Puesto que Jesús ha sido enviado a anunciar el Evangelio a los pobres, a liberar a los cautivos, y a levantar a los oprimidos (Lc 4,18-20), sus discípulos deben preocuparse de continuar esta obra de liberación. Así, su Iglesia prepara la venida definitiva del Reino de Cristo, en el que Él mismo, una vez sometidas todas las cosas a sí, se someterá a su Padre, para que Dios sea todo en todos (1Cor 15,28). Para alcanzar ese final, la Iglesia ya ahora se encuentra insertada en el mundo por sus miembros. No les manda dejar este mundo; por medio de ellos trabaja para que el espíritu del Evangelio pueda penetrar en todas las estructuras familiares, sociales y políticas. Así Cristo, presente en los asuntos de este mundo, difunde en ellos la gracia de su salvación: El que descendió a las regiones inferiores de la tierra y fue elevado por encima de todos los cielos, ahora Él llena todas las cosas (Ef 4,9-10).
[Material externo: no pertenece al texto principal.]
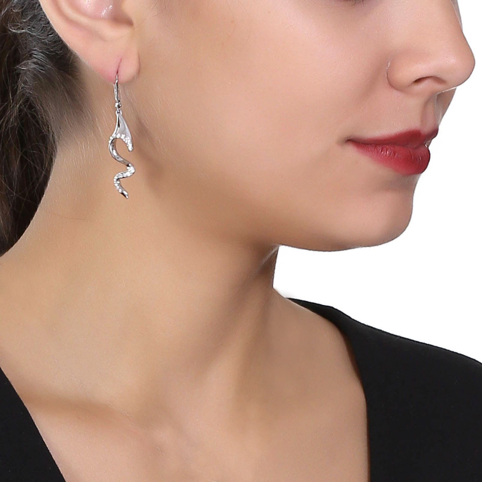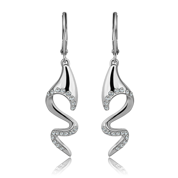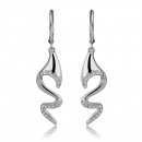 Elegantes aretes, en baño de oro blanco de 18 quilates, diseño de ondas, con incrustación de cristales en color blanco.

b) Todo esto no puede ser realizado sin esfuerzo ni dolor (Mt 5,11; Jn 15,20; 16,33; Col 1,24). El pecado, que entró en este mundo ya desde el comienzo (Rm 5,12), continúa produciendo en el mundo malos frutos. El Reino de Dios, aunque ya ha comenzado, aún no se ha manifestado plenamente; pero progresa paulatinamente entre dolores como de parto (Mt 24,8; Jn 16,21-22). La creatura misma, aún sometida por la vanidad, espera la liberación de la servidumbre de la corrupción (Rm 8,19-21). Pero Cristo triunfó sobre el pecado por su muerte y resurrección, venció al Príncipe de este mundo (Jn 12,31; 16,11.33). Los cristianos, por tanto, siguiendo su ejemplo y sostenidos por su gracia, deben luchar y sufrir, si fuera necesario, hasta el martirio y la muerte (Mt 24,9-13 y par.; Jn 16,2; Ap 6,9-11), para que el bien triunfe sobre el mal hasta que lleguen los cielos nuevos y la tierra nueva en los que habitará la justicia (2Pe 3,13).
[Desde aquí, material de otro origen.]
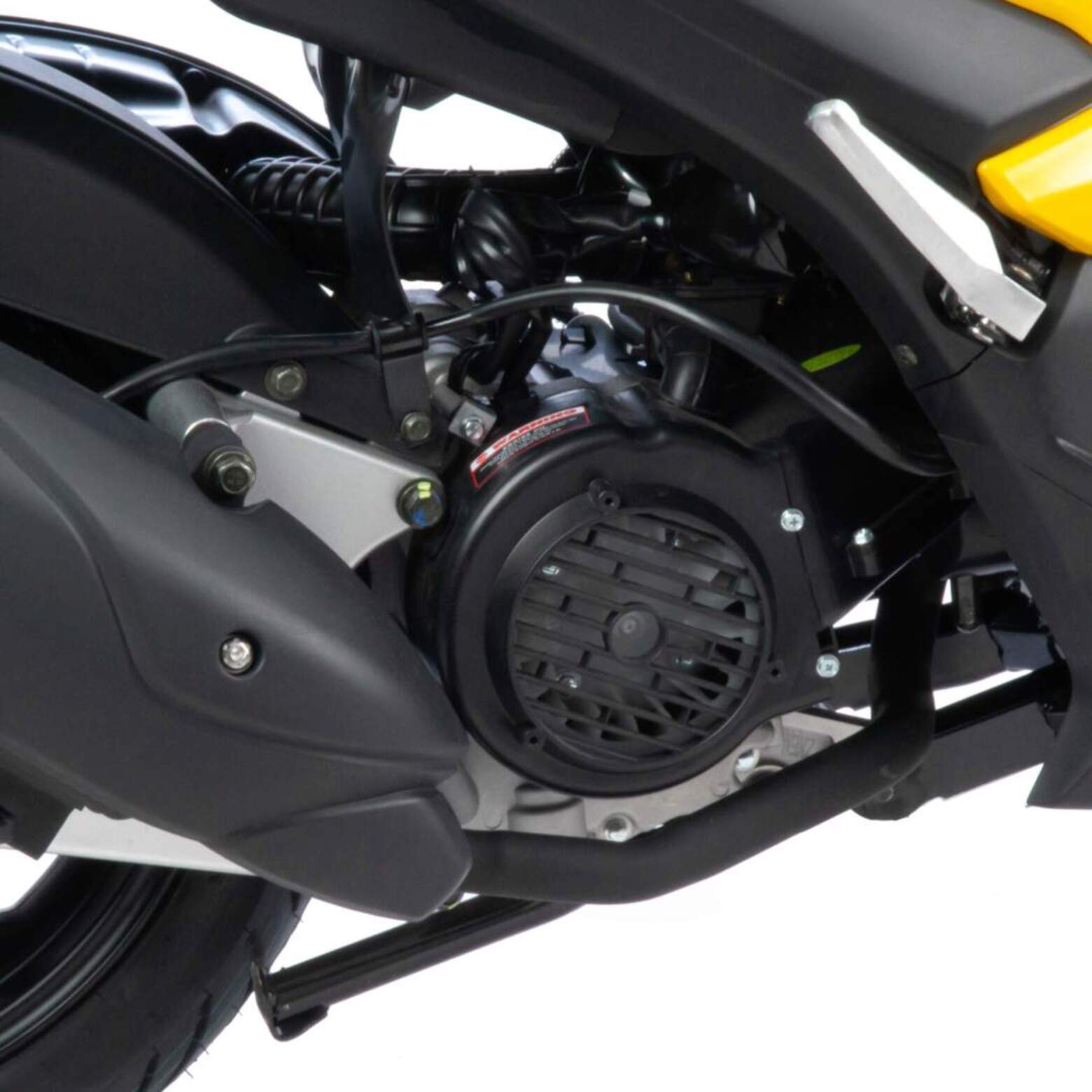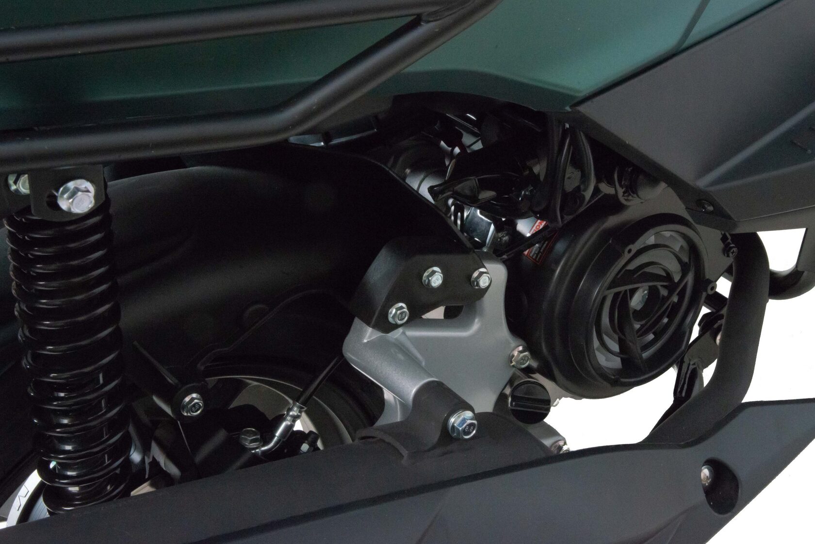 Скутер Motoland Tank - отличный вариант для загородных поездок и рыбалки: имеет множество дополнительных защит и закрытий, колеса 12" с резиной для поездки по грунтовой дороге и асфальту.Брутальный внешний вид и черный цвет делает его не похожим на другие скутера. Дополнительные ДХО, светодиодные поворотники и стоп-сигнал.На скутере установлен одноцилиндровый четырехтактный двигатель 157 QMJ мощностью 10 л/с и рабочим объемом 150 см3 с принудительным охлаждением, что позволяет ему не перегреваться даже в сильную жару. Система запуска кикстартер + электростартер. Трансмиссия - вариатор, не требующий манипуляциях с переключением скоростей. Это очень удобно при эксплуатации и не вызывает сложностей, просто сел, повернул ручку газа и поехал. Все тормоза - дисковые гидравлические.Подвеска - передняя вилка телескопическая и два задних амортизатора. Колесные диски литые алюминевые, на которые установлены качественные покрышки 120/70-12".Выдерживает нагрузку до 150 кг, что позволяет перевозить одного пассажира. Под сиденьем есть большое багажное отделение + площадка для крепления дополнительного кофра. Приборная панель — электронная, с очень крупными, легко читаемыми цифрами и часами; со всеми необходимыми указателями.Габариты: 1900 х 710 х 1170 мм. (без учета зеркал)

Entonces será reconocido, amado, adorado y recibirá el servicio de todos los hombres, convertidos en Hijos adoptivos suyos (Ef 1,5). Así se completará su obra de salvación en la eternidad bienaventurada, que Él con su misericordia, fidelidad y paciencia inagotable (Rm 2,4-5; 3,25-26; 9,22) continúa desde la primera llamada, de la que la humanidad se apartó, hasta el día en que todos, gozando de una felicidad sin fin, le aclamarán: Al que está sentado en el trono y al Cordero, la bendición, el honor, la gloria y la alabanza y el poder por los siglos de los siglos (Ap 5,13).